Screenshot from 2022-04-30 08-53-47

bsteenwi commented 2 years ago

The original idea was to let the user define the cache policy...

Maybe simply defining how to hash the connector object could also resolve this issue.

GillesVandewiele commented 2 years ago

Then we will need to fix the breaking change that is mentioned in #74 (see my screenshot). All unit tests are actually failing as well with this type of errors, so it's definitely because of this.

https://github.com/IBCNServices/pyRDF2Vec/runs/6229466856?check_suite_focus=true

rememberYou commented 2 years ago

The issue is also present with the KG class as we cache the hops with the _get_hops() function.

GillesVandewiele commented 2 years ago

I guess an easy fix for now is to revert the upgrade and put cache tools back at version 4.2.2.

GillesVandewiele commented 2 years ago

I did a reset and push -f to reset our repo back to the latest working commits. All commits after that point in time did get removed however so best store a copy locally if you want to salvage anything from that.

rememberYou commented 2 years ago

I tried to set the fetch and _get_hops functions to global (to avoid the object hash conflict), while using cached, but the error persists. As soon as I delete the cache, then everything works again.
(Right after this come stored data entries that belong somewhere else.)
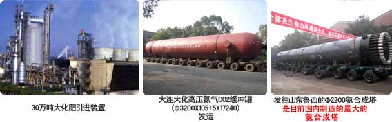 單元設(shè)備主要有: (DN600~2200,PN32Mpa)氨合成塔、氨分離器、氨蒸發(fā)器、油分離器、冷交換器、熱交換器、立式氨冷器、臥式氨冷器、軟水加熱器、淋灑式水冷器、套管式水冷器、臥式水冷卻器、廢熱回收器、水解塔、脫硫塔、精餾塔、洗滌塔、變換爐、再生塔、銅洗塔,30萬噸/年合成氨第一和第二廢熱鍋爐、高壓輔助鍋爐A、B、C、D管組、合成氣冷凝冷卻分離器、中壓氣提塔、開工加熱爐等。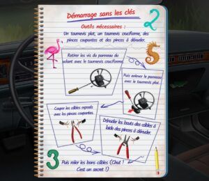 - Attachez la page arraché, vous aurez les étapes à suivre pour démarrer la voiture sans clés.
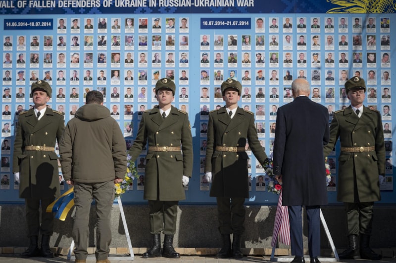 Rusya-Ukrayna savaşında hayatını kaybeden Ukraynalılar anısına kurulan anma duvarına çiçek bırakan Joe Biden, adına yapılan plaketin açılışını da gerçekleştirdi.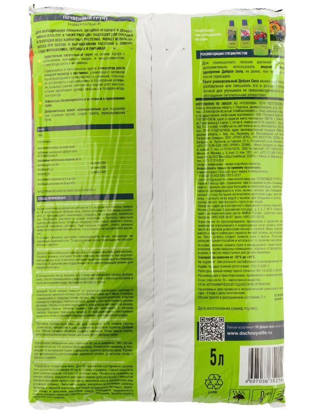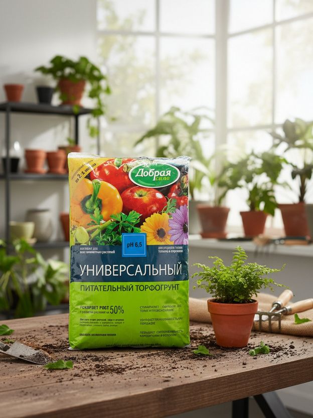 Грунт универсальный «Добрая сила», 5 л: оптимальное решение для рассады, овощей и цветов — здоровые растения без лишних хлопот.
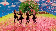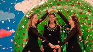 Fairy Clare and Fairy Larissa curtsying their Irish Dancing sparkly and glittery fairy dresses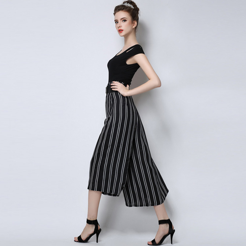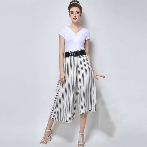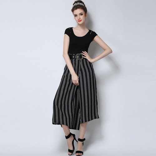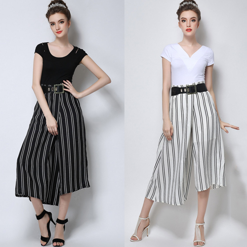 Take this wide leg pants to lead the fashion trend! Retro striped style,with high waist and irregular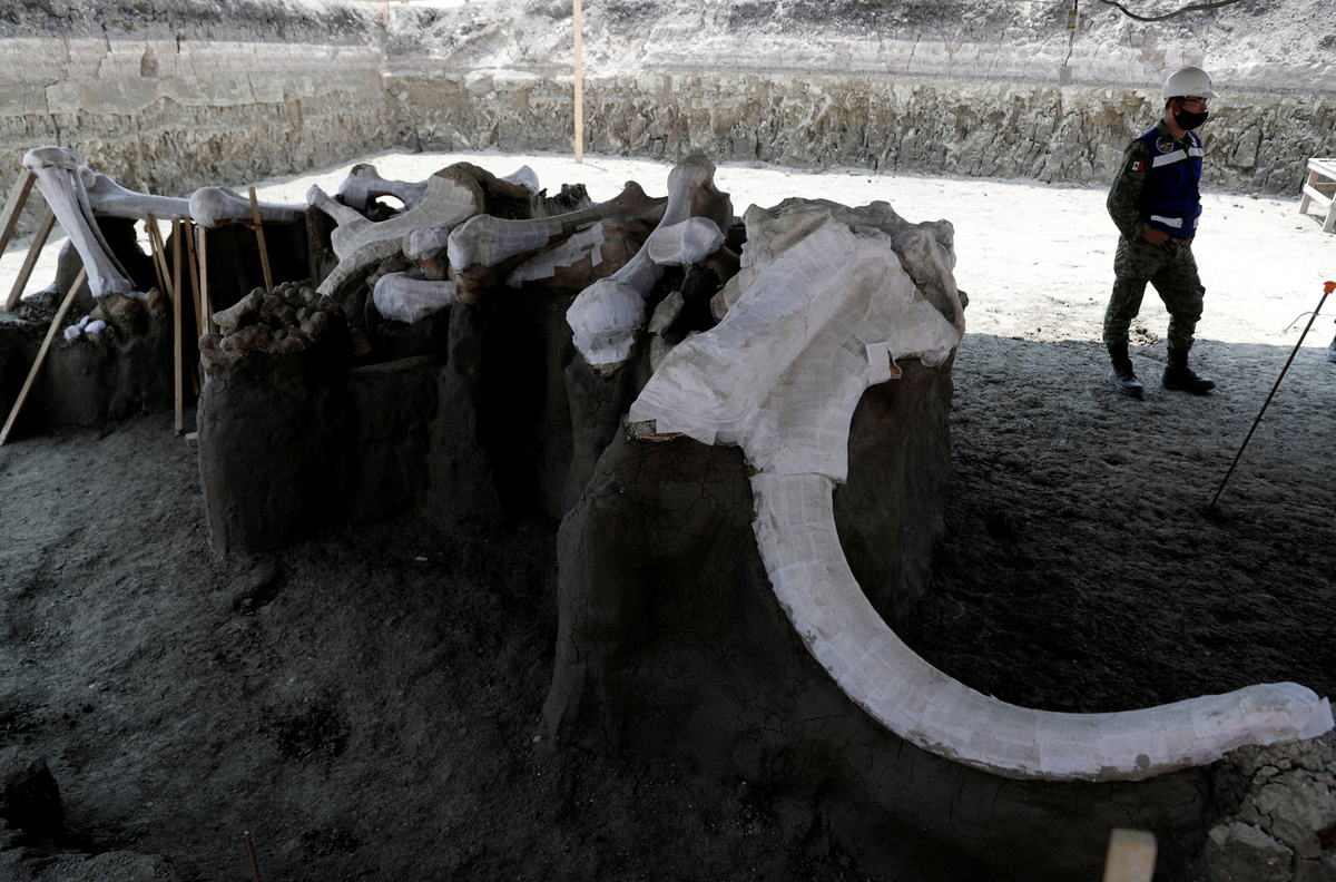 A worker of Mexico's National Institute of Anthropology and History (INAH) works at a site where more than 100 mammoth skeletons have been identified, along with a mix of other ice age mammals, at an area where a new international airport is currently being built, in Zumpango, near Mexico City, Mexico September 8, 2020. REUTERS/Henry RomeroWorkers of Mexico's National Institute of Anthropology and History (INAH) work at a site where more than 100 mammoth skeletons have been identified, along with a mix of other ice age mammals, at an area where a new international airport is currently being built, in Zumpango, near Mexico City, Mexico September 8, 2020. REUTERS/Henry RomeroAn archaeologist and a worker of Mexico's National Institute of Anthropology and History (INAH) work at a site where more than 100 mammoth skeletons have been identified, along with a mix of other ice age mammals, at an area where a new international airport is currently being built, in Zumpango, near Mexico City, Mexico September 8, 2020. REUTERS/Henry Romero

GillesVandewiele commented 2 years ago

Perhaps try the fix suggested by cachetools themselves?

The default key function has been changed to ignore its first argument, so this should only affect applications using custom key functions with the @cachedmethod decorator.

fetch and _get_hops both use a custom key function, we should pass None or something as first argument.

rememberYou commented 2 years ago

I've already tried, but the error is always the same. I will look into fixing this as soon as possible and also update the attr syntax which has changed since then and is easier to use.

rememberYou commented 2 years ago

Last comment for this issue, cachetools 5.0.0 works if we simply remove the key:

@cachedmethod(operator.attrgetter("cache"), key=partial(hashkey, "fetch")))
def foo(self, bar):
    pass

by:

@cachedmethod(operator.attrgetter("cache"))
def foo(self, bar):
    pass

I double check that there are no more problems with cachetools and I push this fix.

GillesVandewiele commented 2 years ago

@rememberYou any update on this fix perhaps (no urgency though, so take your time!)

rememberYou commented 2 years ago

The commit d039a702c9b072983b5f60ba7892b8d7a2cf1993 on the develop branch has fixed the issue with cachetool. If you clone to the master, since you did a git reset with an older version of cachetool, it should work too.

@wouterbeek Does it work on your side?

Using the develop branch, I'm able to extract the walk from the TriplyDB endpoint without issues. I haven't test with the master branch.

wouterbeek commented 2 years ago

@rememberYou Running pip install . on the last commit in master indeed works for me. Thanks for fixing this!